ARTHIST 264B: Starstuff: Space and the American Imagination (AMSTUD 143X, FILMSTUD 264B)

Course on the history of twentieth and twenty-first century American images of space and how they shape conceptions of the universe. Covers representations made by scientists and artists, as well as scientific fiction films, TV, and other forms of popular visual culture. Topics will include the importance of aesthetics to understandings of the cosmos; the influence of media and technology on representations; the social, political, and historical context of the images; and the ways representations of space influence notions of American national identity and of cosmic citizenship.
Terms: Aut | Units: 5 | UG Reqs: WAY-A-II | Grading: Letter or Credit/No Credit
Instructors: Kessler, E. (PI)

ARTHIST 273: Visual Culture of the Arctic (FILMSTUD 273)

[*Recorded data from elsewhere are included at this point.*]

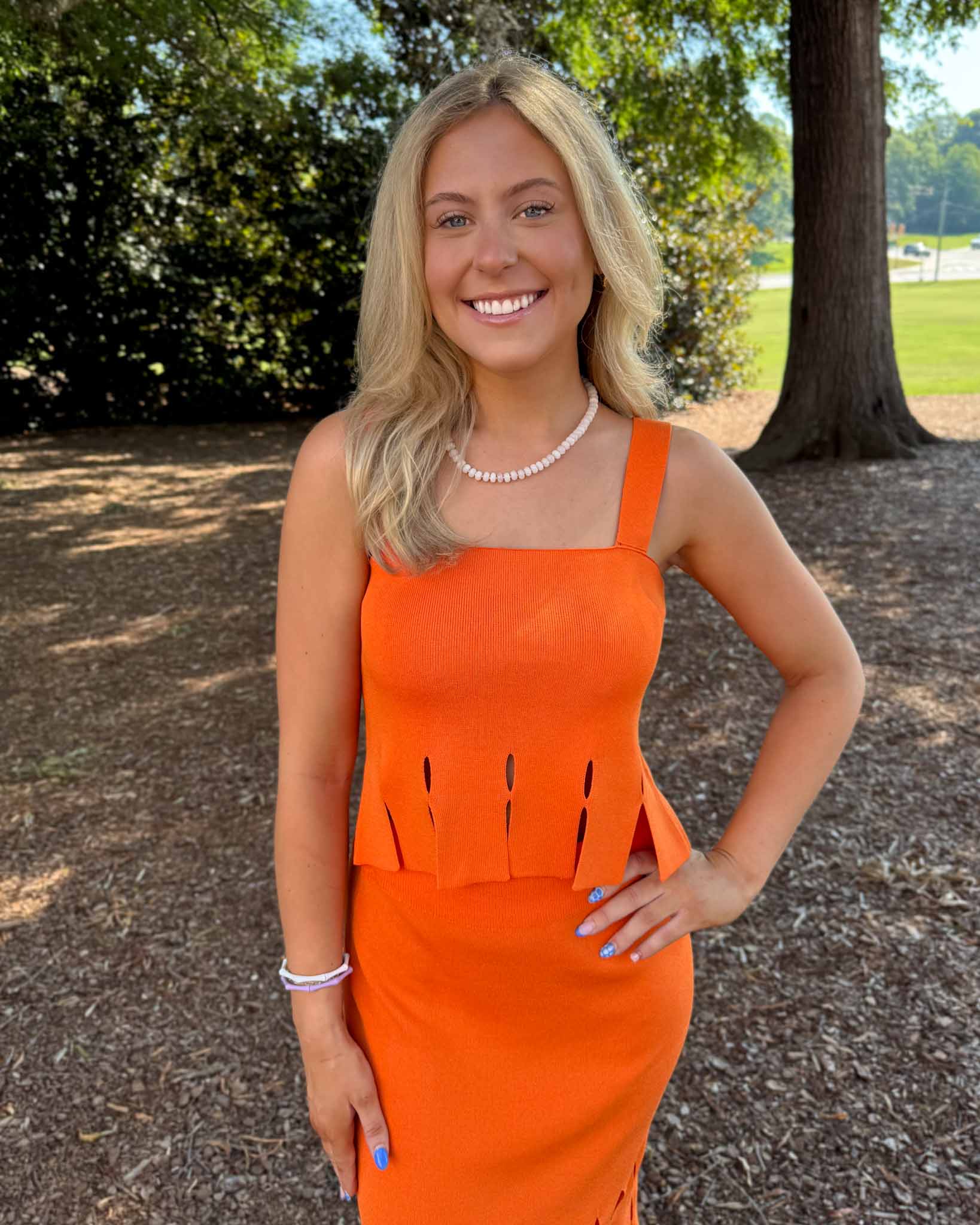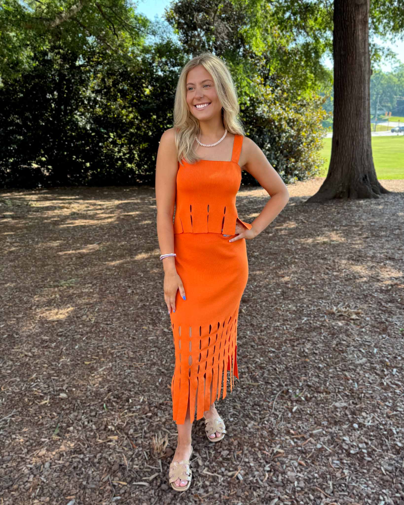 Bring the heat in this bold and bright fringe knit tank! Featuring a sleek square neckline and eye-catching vertical cutouts at the hem, this form-fitting top adds just the right amount of edge to your game day or summer look. The soft ribbed texture gives it a comfy stretch, while the structured silhouette keeps things polished and flattering. Pair it with the matching skirt or rock it with denim for a pop of orange you’ll love all season.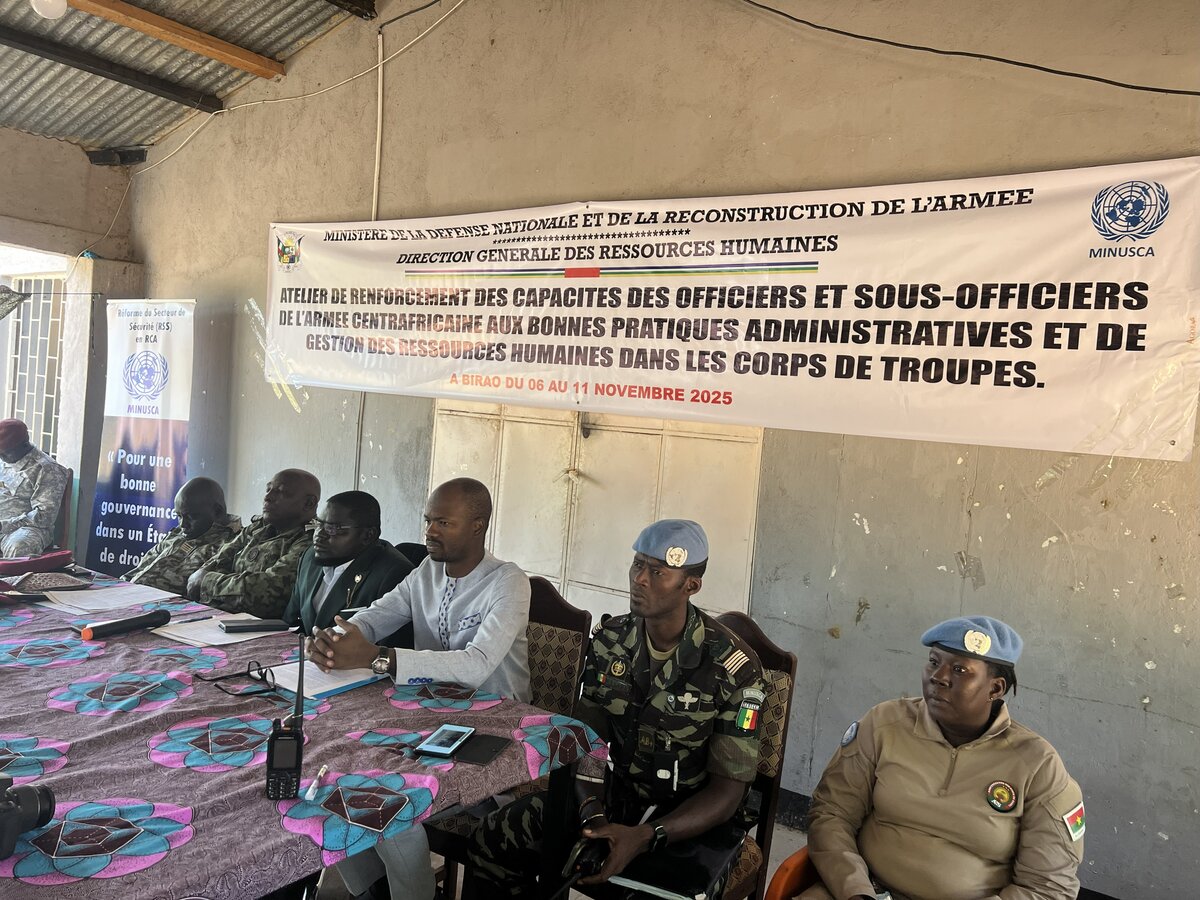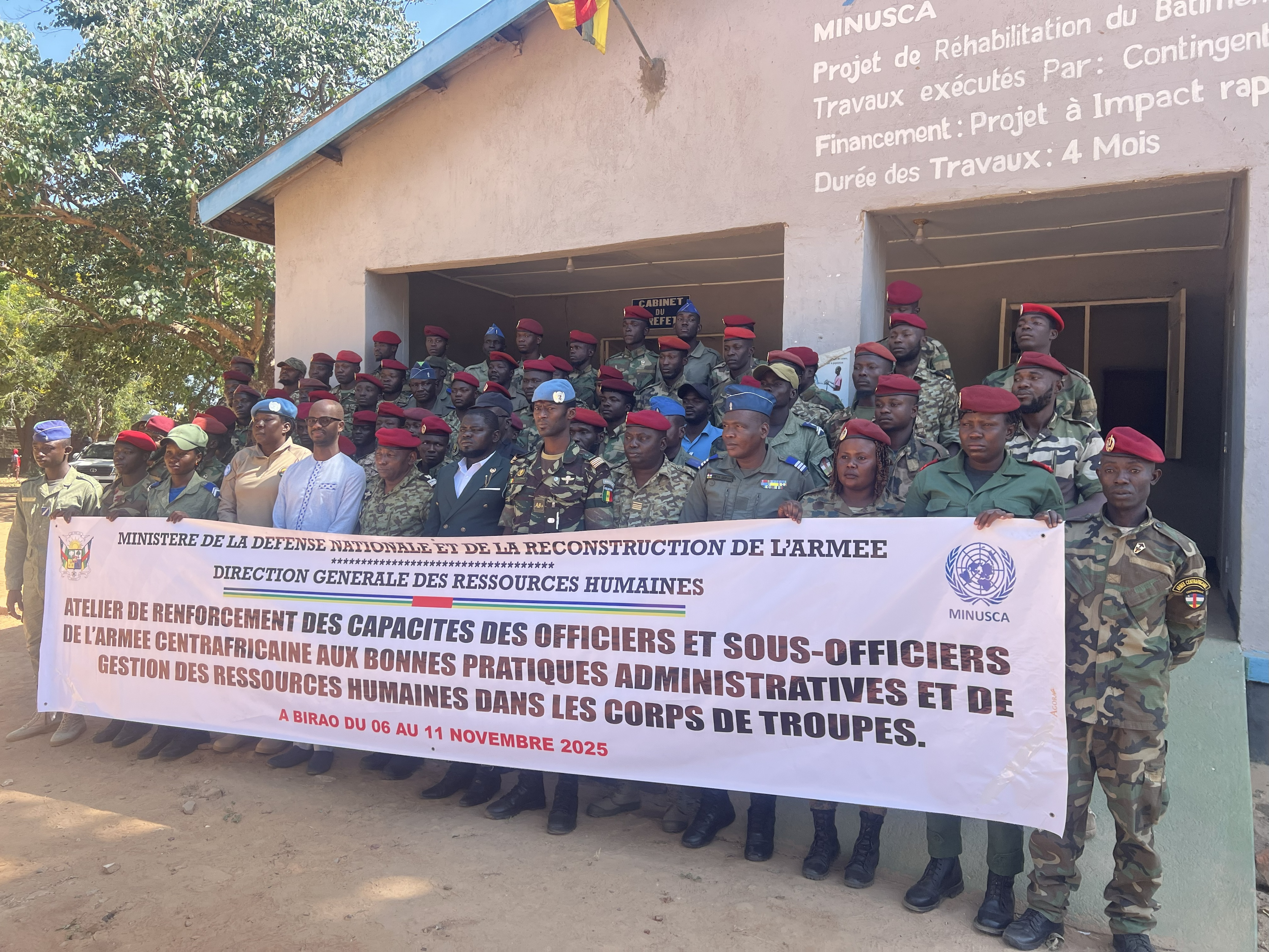 À Birao, dans la préfecture de la Vakaga, 70 officiers et sous-officiers des Forces armées centrafricaines (FACA), dont trois femmes, ont suivi, du 6 au 11 novembre 2025, une formation sur les bonnes pratiques administratives et la gestion des ressources humaines au sein des corps de troupe au cours d’un atelier organisé par le Ministère de la défense nationale avec le soutien de la MINUSCA.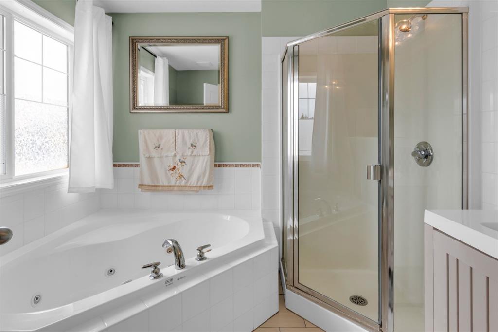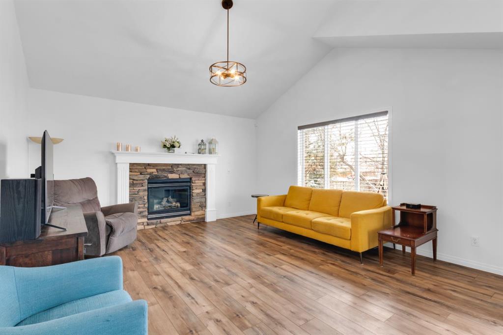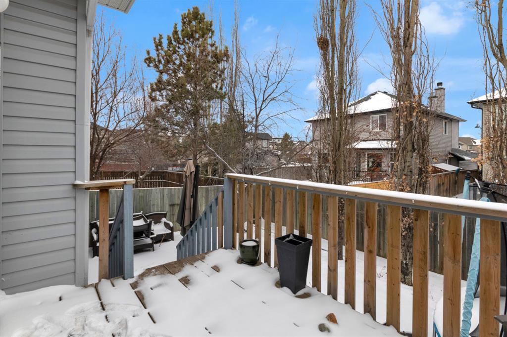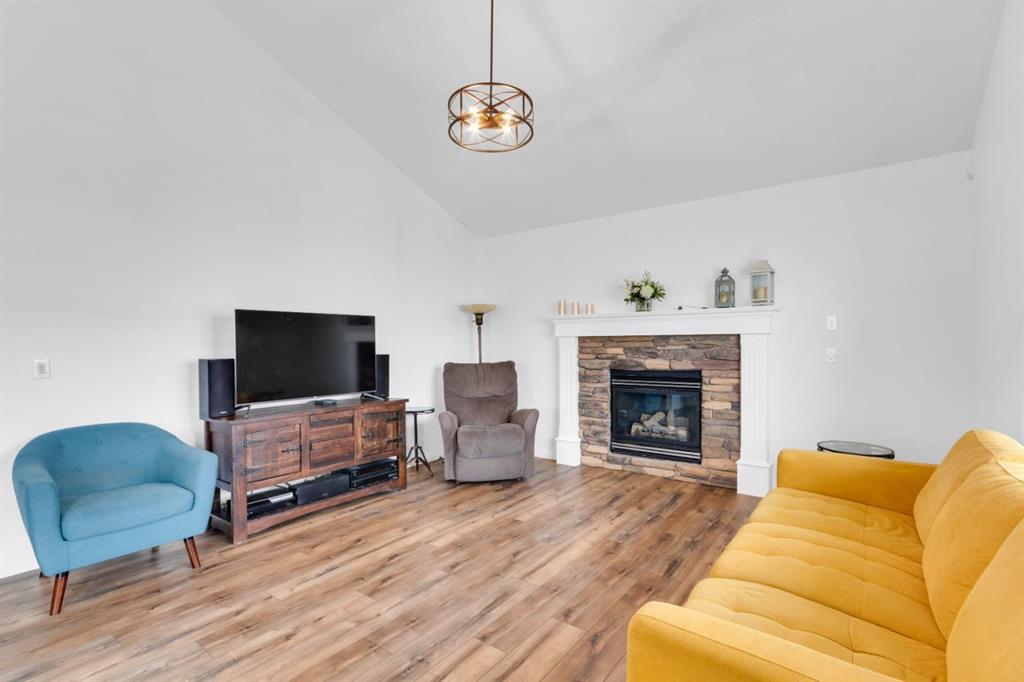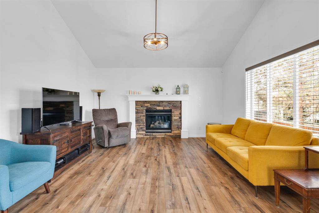 Welcome to this inviting 1.5 story home in the highly desirable community of West Springs! This beautiful family home offers three spacious bedrooms, two full bathrooms and a double attached garage. The main floor showcases new luxury vinyl plank flooring , a fresh coat of paint and a bright open layout filled with natural light from oversized windows, a skylight and vaulted ceilings. The spacious kitchen has a new dishwasher, abundant cabinetry, a corner pantry and generous prep space with both a centre island and peninsula, making it perfect for cooking and entertaining. The dining area and inviting living room with a cozy gas fireplace overlooks the backyard, ideal in a family home for keeping an eye on little ones. Step outside to a low maintenance yard featuring an upper rear deck with bbq gas line, a lower stone patio and a rock garden in the front. Two large bedrooms, a 4pc bathroom and convenient main floor laundry with a new dryer complete this level. The primary bedroom occupies the entire upper level creating a private retreat with south facing windows flooding the space with light, along with a walk in closet and 4pc ensuite that offers comfort and privacy. The unfinished lower level is awaiting your personal touch and features large windows, tall ceilings and a rough-in for a future bathroom plus it has a new furnace. Located just 20 minutes from downtown, West Springs offers excellent schools, top restaurants, cafes, fitness facilities and boutique shopping all within walking distance from your front door.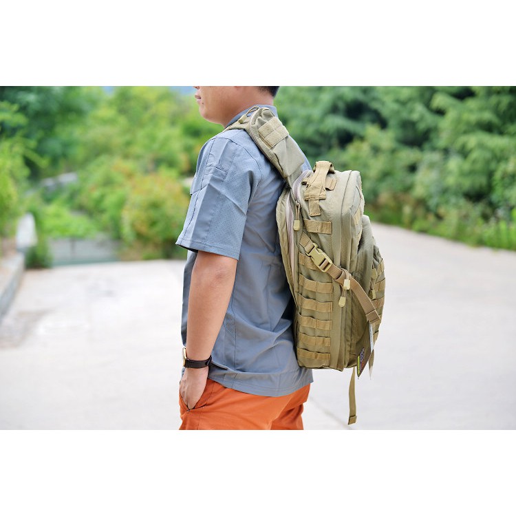 Balo thiết kế 1 quai đeo chéo, có thể để laptop 4 inch. Vải chống thấm, chất liệu dùng cho quân đội cực bền bỉ.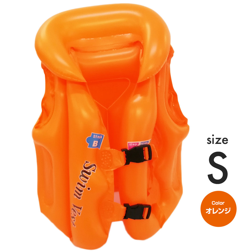 浮き輪型 ライフジャケット 子供用 ベスト ジュニア キッズ 幼児 こども スイミング プール 海水浴 水遊び オレンジ 橙 Sサイズ 3~4歳推奨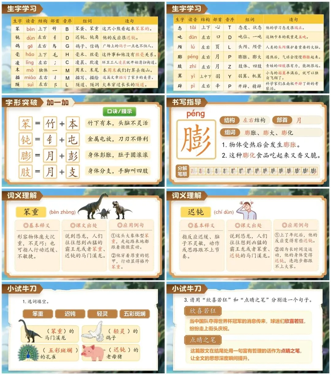 1.攻克生字词关卡,掌握讲解必备的 “语言工具”。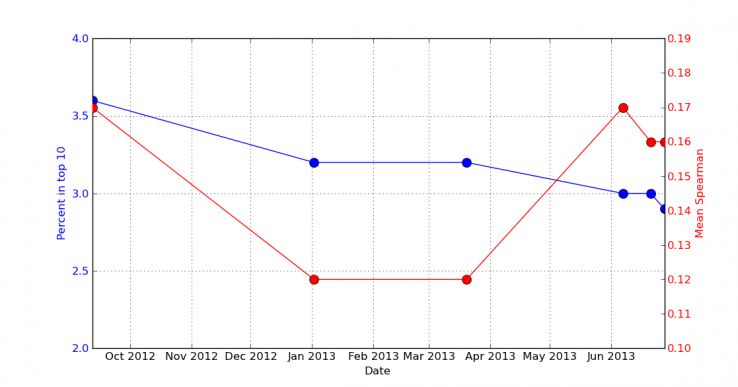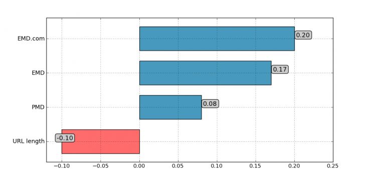 令人驚奇的是,排名首頁的EMD域名的比例逐年下降。從相關(guān)性來看,EMD是蹺蹺板形態(tài),在13年的3月份又上升了。之前的下降應(yīng)該是Google針對(duì)EMD的調(diào)整,而相關(guān)性的上升說明EMD在高排名的頁面中還是存在的,只是不再那么流行而已。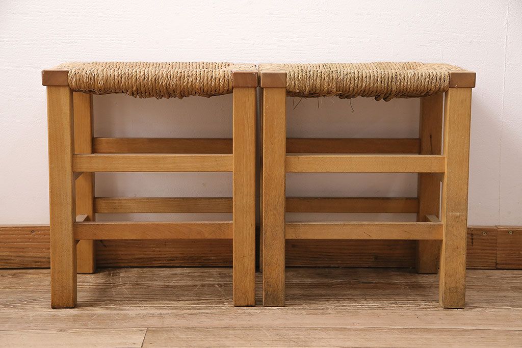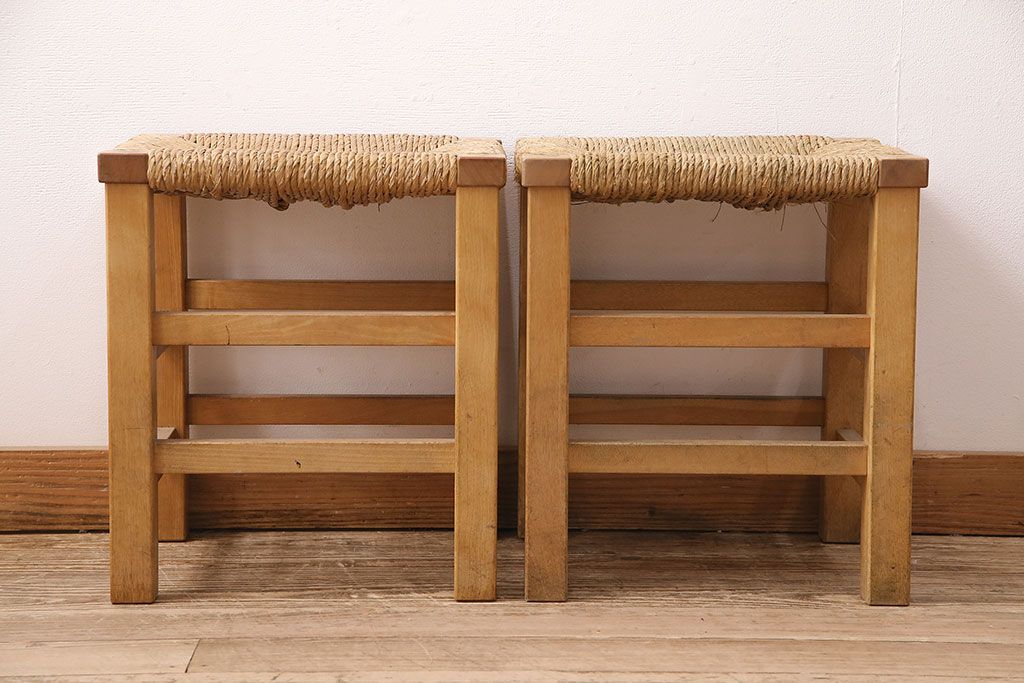 ヴィンテージ 松本民芸家具 初期モデル ラッシ座面がおしゃれ!素朴な木肌が味わい深いスツール2脚セット(チェア、椅子、ビンテージ)(R-048692)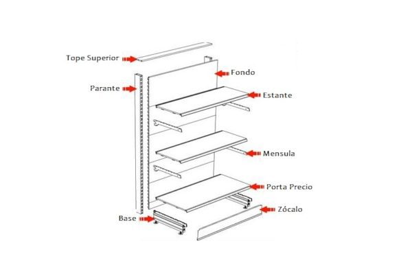 Consta de 1 parante con sus bases, 4 bandejas, 6 ménsulas, fondos, porta precios transparente para cada bandeja, tope superior y zócalo.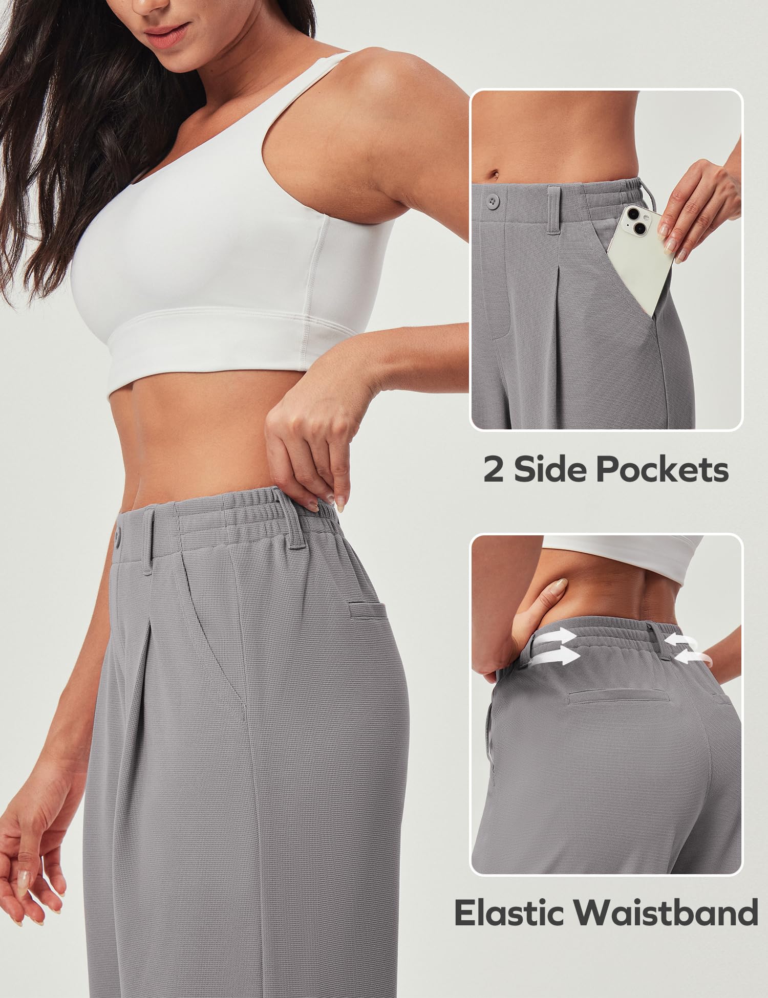 Customized for you: Offered in 26'' and 28'' inseams, these wide-leg trousers provide a customized fit for various heights and body shapes. Stay stylish and comfortable in these must have waffle stretchy work pants for women!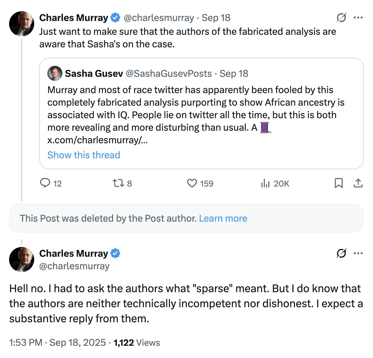 So what's @charlesmurray up to now? He's been laundering fake analyses that he himself doesn't understand from anonymous race bloggers who can't be bothered to write them up (FWIW "substantive reply" did not come). Not with a bang but with a whimper.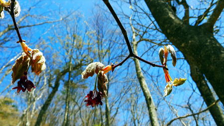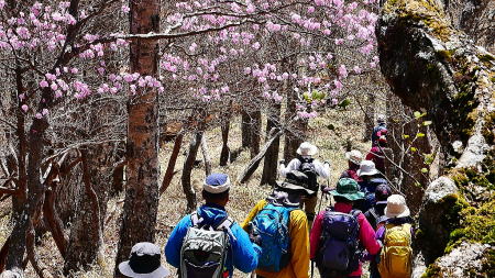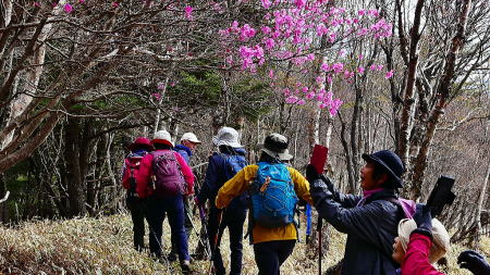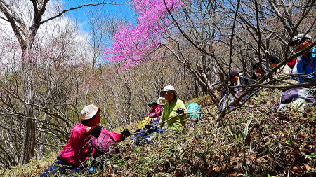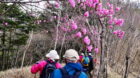 ここからが本番、少し歩くとアカヤシオが次々に現れ、高度を少し下げミツバツツジが現れた。

In what ways does contemporary art address the slowly unfolding catastrophes of melting ice and thawing permafrost in the Arctic due to climate change? How might contemporary art and experimental cinema help us come to grips with the emotional disturbance of living amidst the deep-seated changes that are happening in our environment? These are the key questions this course attempts to answer.nThe first part of the class attempts to outline the complex history of Arctic visual and cultural representations through an interdisciplinary lens. The second part focuses on the more recent artistic and cinematic responses to climate change in the arctic. For their final projects, students will be able to combine analytical writing with creative projects that could take the form of photography, installation art, web-based art, fiction, video or poetry.
Terms: not given this year | Units: 5 | Grading: Letter (ABCD/NP)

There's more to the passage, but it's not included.